Processing | VIDIZMO Knowledge Base

📄️ Concatenate

The Concatenate node joins strings or arrays from multiple workflow variables into a single output with deduplication, formatting, and cleaning options. It supports both string and array output formats, handling mixed input types including strings, arrays, and objects. This is particularly useful for merging results from parallel workflow branches or combining data from different sources.

📄️ Data Extractor

The Data Extractor Node extracts specific fields from structured data objects and converts them into text or structured format for downstream processing. It supports dot notation for accessing nested fields and provides extensive formatting control through separators, metadata inclusion, and record identifiers. This selective extraction reduces data volume and focuses processing on relevant information.

📄️ Data Operations

The Data Operations Node performs multiple data manipulation operations sequentially on workflow variables to transform, filter, and clean data. It supports operations including Set, Filter, Rename Keys, Remove, Clear, and Drop Duplicates. The sequential execution model allows chaining transformations within a single node, reducing workflow complexity.

📄️ Parallel Processor

The Parallel Processor Node processes collections of items concurrently using a specified processor node with automatic load balancing and result aggregation. It distributes workload across multiple workers for improved throughput while maintaining result ordering. Processing failures are handled gracefully with configurable error handling modes.

📄️ Python Code

The Python Code Node executes custom Python code in isolated Docker containers with secure resource management and state variable integration. It supports both shared containers for performance and ephemeral containers for maximum isolation, with automatic idle timeout monitoring.
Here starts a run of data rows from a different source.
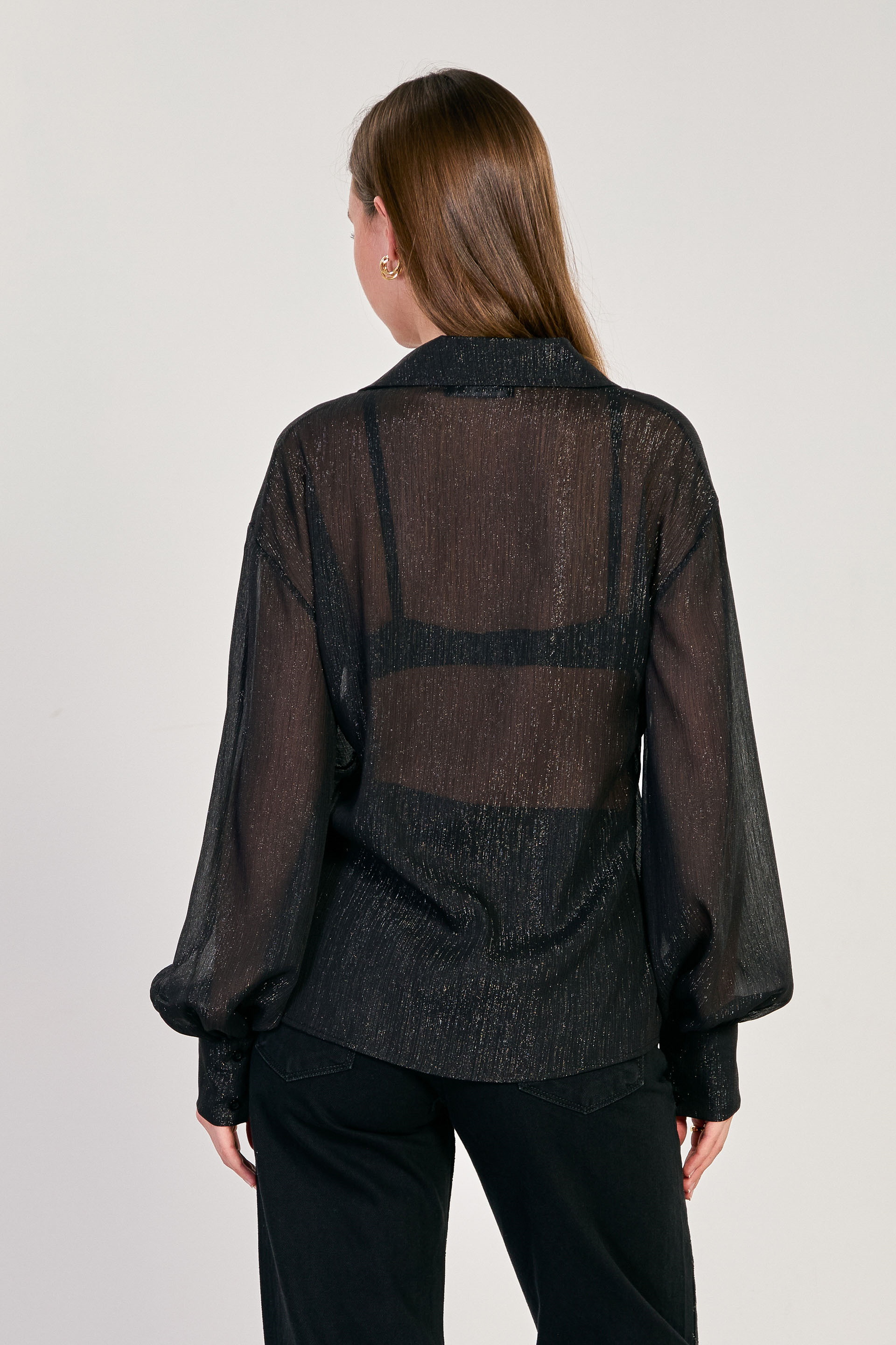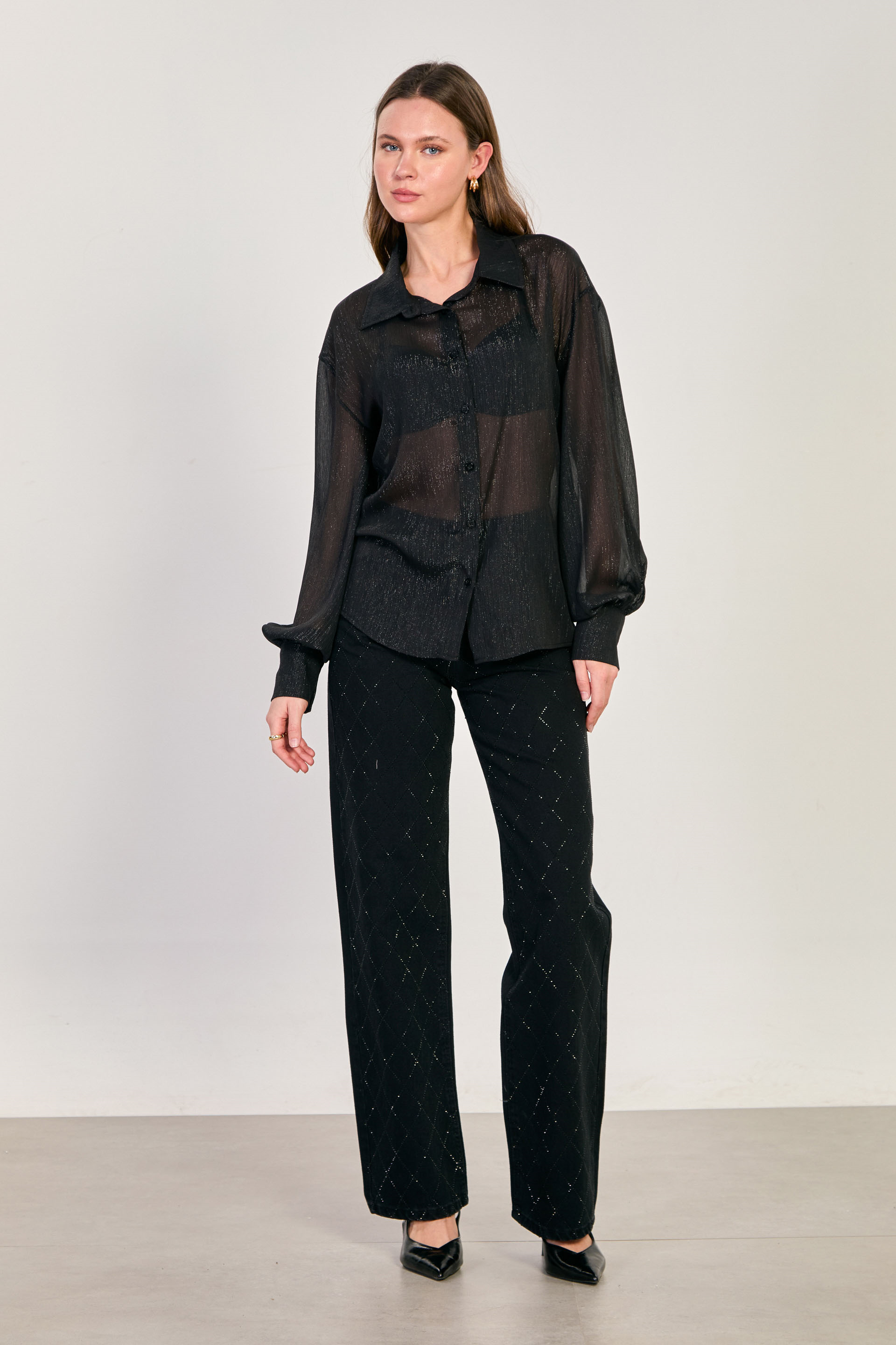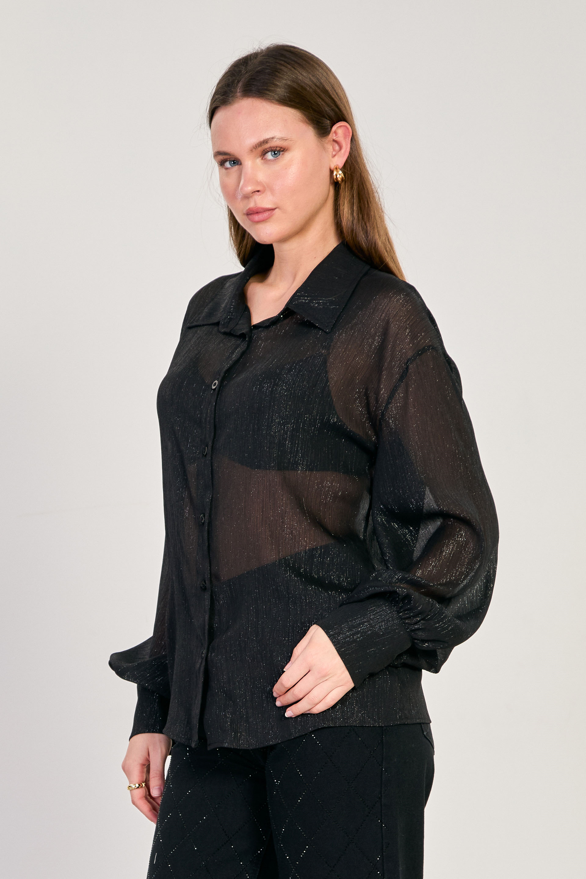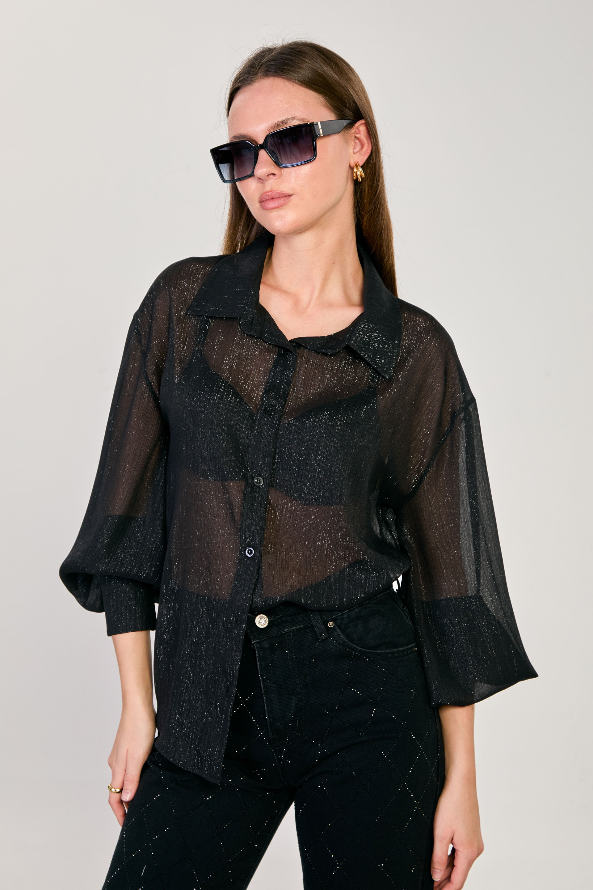 Kadın Simli Balon Kol Gömlek - Siyah
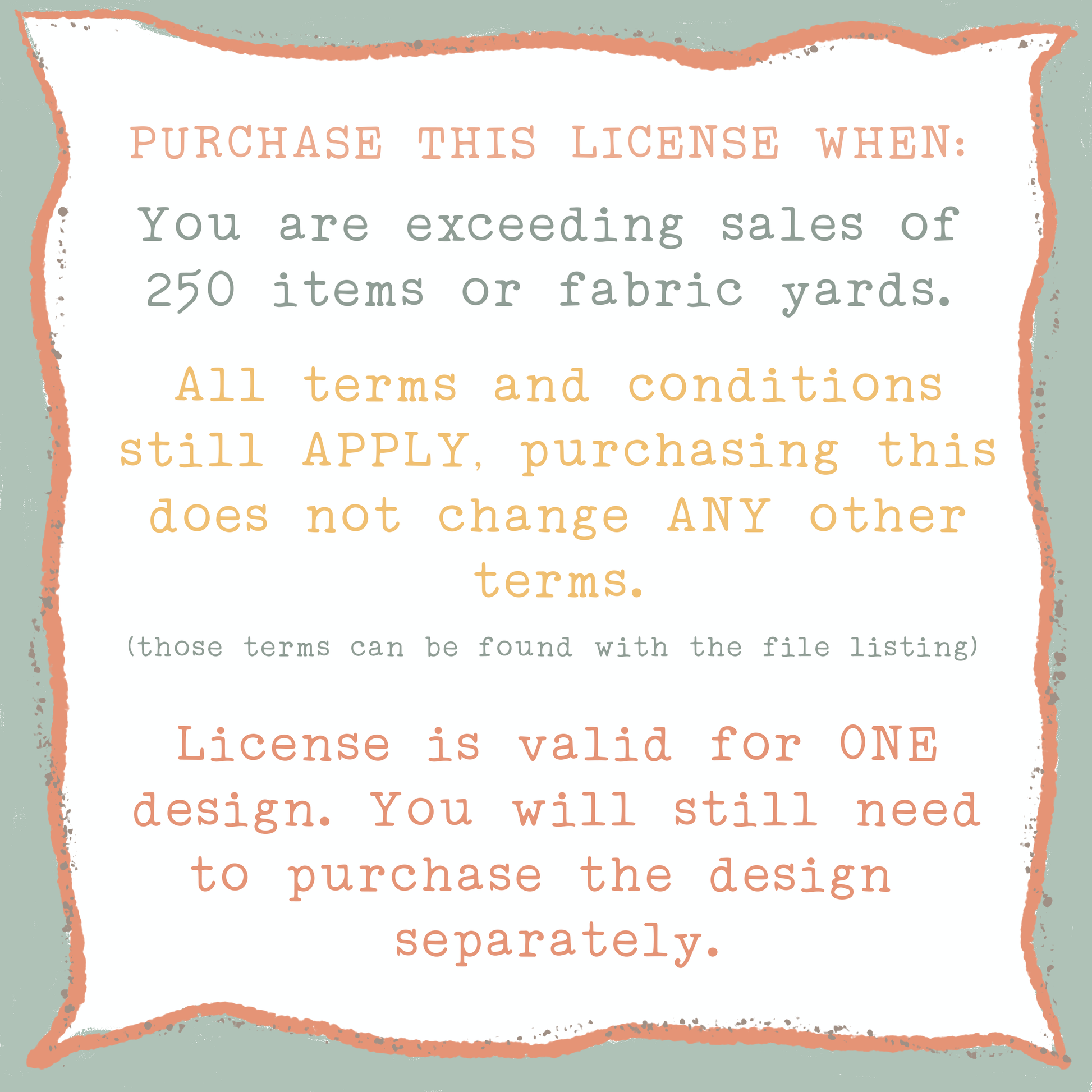 Recommended to keep the receipt for proof of purchase. **Please leave in notes to seller which design you are purchasing this license for. If you have any questions about this don’t hesitate to message me!
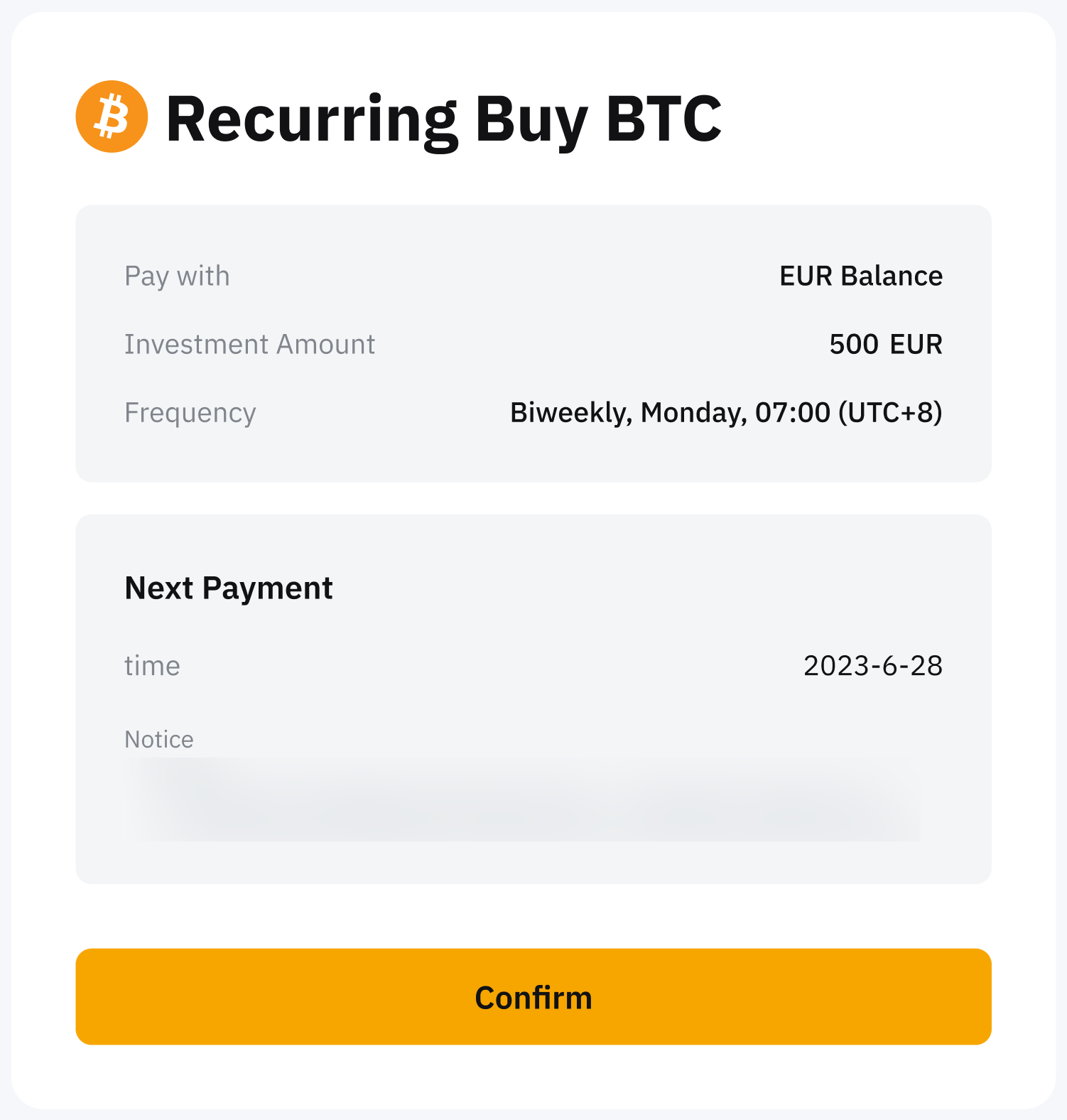 - Dutch users can only use the four (4) pairs: EUR/USDT, EUR/USDC, EUR/ETH and EUR/BTC to purchase Recurring Buy plans.
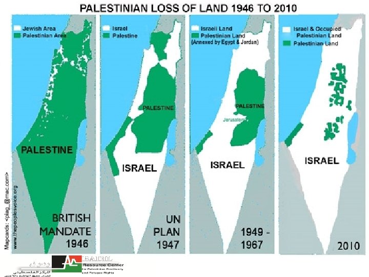 Principales Oleadas de Desplazamiento • Mandato Británico (1922 -1947) • 150. 000 desplazados dentro de y más allá de las fronteras de Palestina. • Nakba = Catástrofe (1948) • Más de 500 aldeas palestinas fueron despobladas y destruidas • 750. 000 refugiados palestinos fueron desplazados más allá de las fronteras del nuevo estado a Cisjordania, a la Franja de Gaza, Jordania, Líbano, Siria, Irak y muchos otros países • 130. 000 permanecieron en lo que es ahora el estado de Israel; 40. 000 fueron PDIs (Personas Desplazadas Internamente) • 85% de la población palestina fue desplazada • Naksa (1967) • 450. 000 (un tercio de la población de los territorios ocupados)
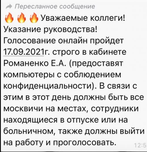 Отметим, первоначально работникам будто бы прислали в чат сообщение о том, что проголосовать все должны в первый же день, доступный для голосования, 17 сентября — причем, онлайн и в кабинете заместителя директора Романенко Евгении Александровны. Сама замдиректора все отрицала и отметила, что люди, наверное, неправильно ее поняли.
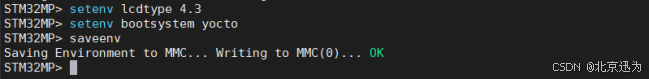 首先根据“8.7 设置屏幕参数”小节设置对应的屏幕参数,然后根据“8.8 设置系统启动参数”章节设置为yocto系统,在此使用4.3寸屏幕作为演示,具体命令如下图所示:
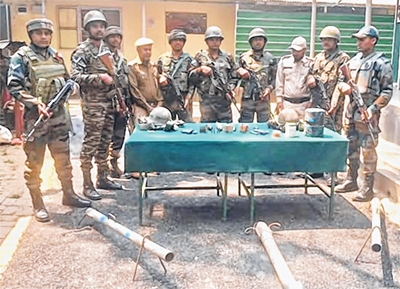 Acting on intelligence inputs suggesting the presence of armed insurgents attempting to establish a foothold in Manipur, security personnel conducted a targeted search using a metal-detecting sniffing dog. The operation resulted in the seizure of a large quantity of weapons and explosive materials.
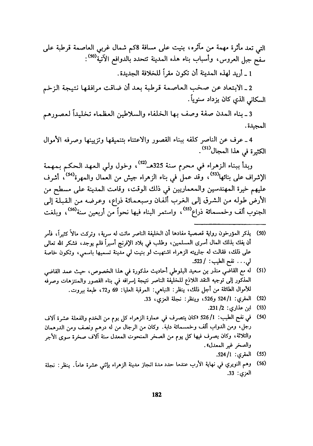 (¬54) في نفح الطيب: 1/ 526 " كان يتصرف في عمارة الزهراء كل يوم من الخدم والفعلة عشرة آلاف رجل، ومن الدواب ألف وخمسمائة دابة. وكان من الرجال من له درهم ونصف ومن الدرهمان والثلاثة، وكان يصرف فيها كل يوم من الصخر المنحوت المعدل ستة آلاف صخرة سوى الأجر والصخر غير المعدل ".
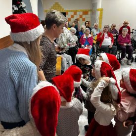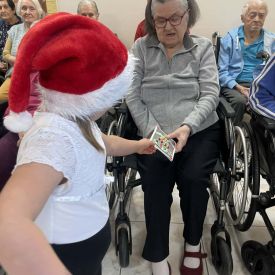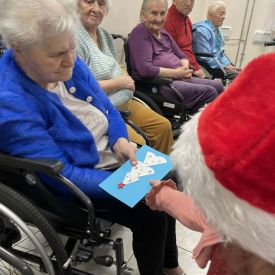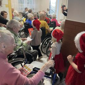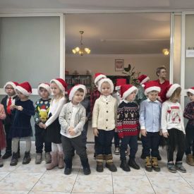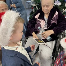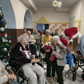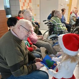 Szczególnym momentem akcji była wizyta dzieci z grupy Niezapominajki, które razem z rodzicami odwiedziły Dom Pomocy Społecznej. Mali artyści zaprezentowali krótki, świąteczny występ artystyczny, wprowadzając wszystkich w ciepłą, bożonarodzeniową atmosferę. Następnie dzieci wspólnie z seniorami zaśpiewały kolędy, dzieląc się radością, uśmiechem i serdecznością. Obecność przedszkolaków sprawiła seniorom ogromną radość i wzruszenie.
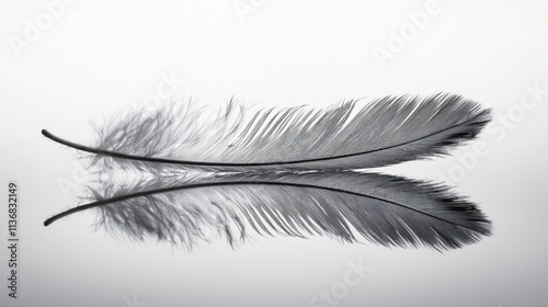 Delicate black feathers resting on a reflective surface create a tranquil and minimalist aesthetic
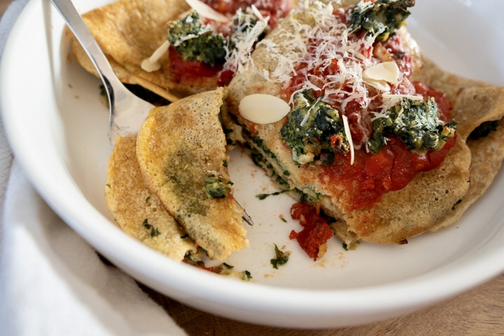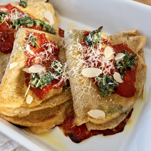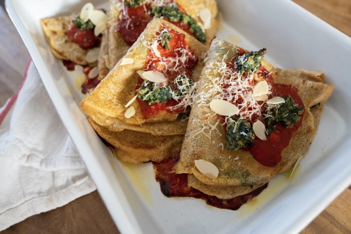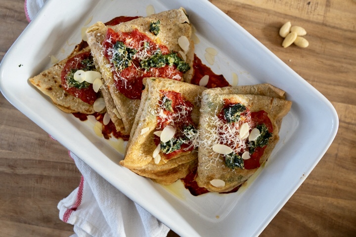 Pannenkoeken en crêpes kennen we allemaal wel. De Italiaanse variant is de crespelle. Een dunne pannenkoek, die hartig gegeten wordt. Ik maak een soort vegan versie van crespelle alla fiorentina. Gevuld met amandelricotta en spinazie, bedekt met tomatensaus. En begrijp me niet verkeerd, dit is een geheel eigen versie. Ik weet nu al dat de Italiaanse vriendin van mijn broer hem heerlijk zal vinden, maar mijn versie met amandelricotta niet de originele naam zal geven.
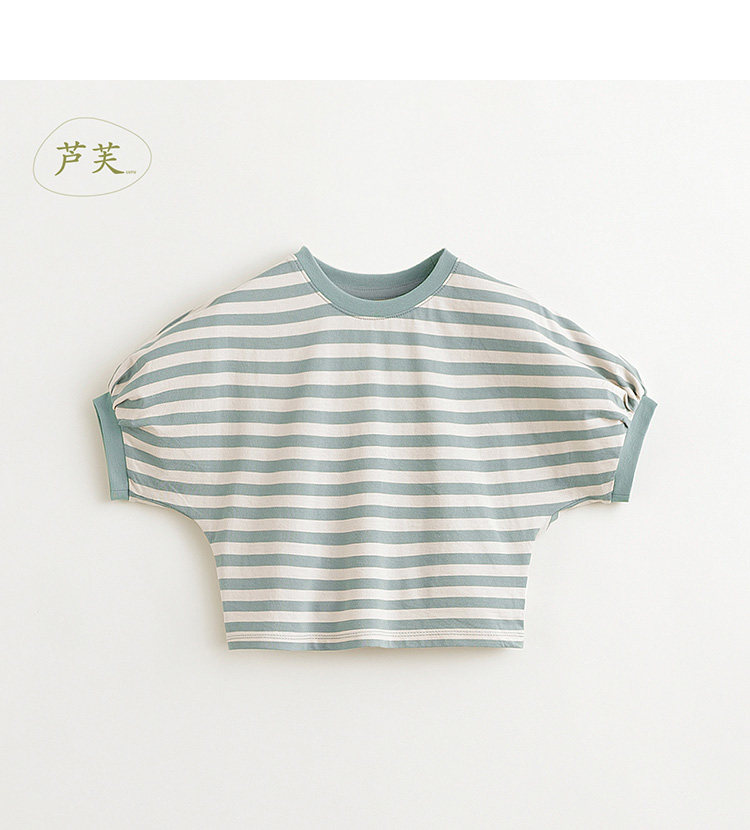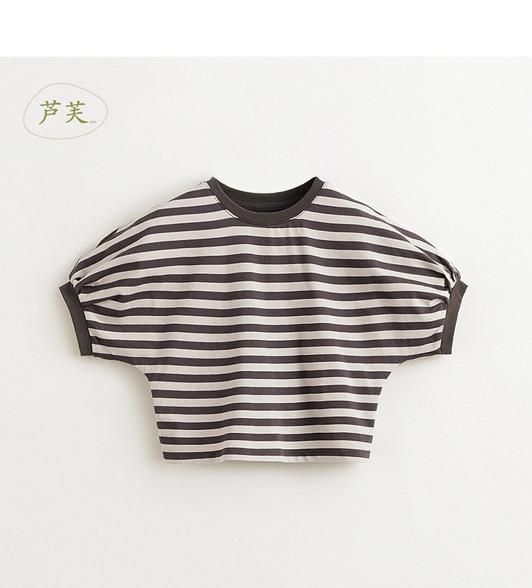 【马克珍妮 芦芙】春装新款 女童纯棉灯笼袖条纹T恤 240188

The underscore notation system provides seamless integration with workflow state for reading and writing variables.

📄️ Split in Batches

The Split In Batches Node divides arrays into fixed-size batches with optional range extraction and output limiting for controlled data processing. It supports flexible indexing with negative indices and dynamic batch sizing through variable interpolation. The consistent array-of-arrays output format simplifies downstream processing.

📄️ Text Splitter

The Text Splitter Node divides large text documents into smaller, manageable chunks using intelligent strategies with token-accurate or character-based length measurement. It supports recursive (semantic) and fixed (simple) splitting strategies, automatically calculating optimal chunk sizes from model context windows. Cross-chunking mode combines small objects like subtitle segments into larger chunks while preserving metadata ranges.